Canada's National Research Universal (NRU) reactor at Chalk River, which has been offline for repairs for the past 15 months following the discovery of a heavy water leak, has finally resumed the production of vital medical isotopes.
|Back in action - the NRU at Chalk River (Image: AECL)
Atomic Energy of Canada Ltd (AECL) reported on 17 August that low-power testing of the NRU reactor - one of the world's major radioisotope producing reactors - had concluded. "As a result, the reactor is now operating at high power and can begin to create medical isotopes," the company announced.
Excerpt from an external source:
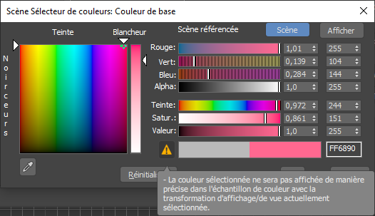 Lorsque vous utilisez la gestion des couleurs basée sur OCIO et que vous définissez les couleurs dans l’espace Scène, les glissières signalent les couleurs qui ne peuvent pas être reproduites dans votre affichage par des bandes noires. Vous pouvez sélectionner ces couleurs : la couleur la plus proche possible s’affichera à l’écran. De plus, vous pouvez placer le pointeur de la souris sur l’icône d’avertissement qui apparaît pour savoir si la couleur appartient à la gamme de couleurs de l’affichage, à la gamme de couleurs de rendu ou aux deux.

A heavy water leak from the reactor vessel at NRU was discovered in May 2009. To repair it, AECL had to defuel the reactor, drain its heavy water, carry out in-depth inspections, and then repair those parts of the reactor vessel where corrosion had caused structurally significant thinning of the vessel wall. This entailed the development of specialised tools to carry out the work, with operatives then being trained to use the equipment and qualification of the techniques being carried out on full-height mock ups of the NRU vessel constructed at the Chalk River site. AECL has also been required to develop a strategy to mitigate future corrosion problems.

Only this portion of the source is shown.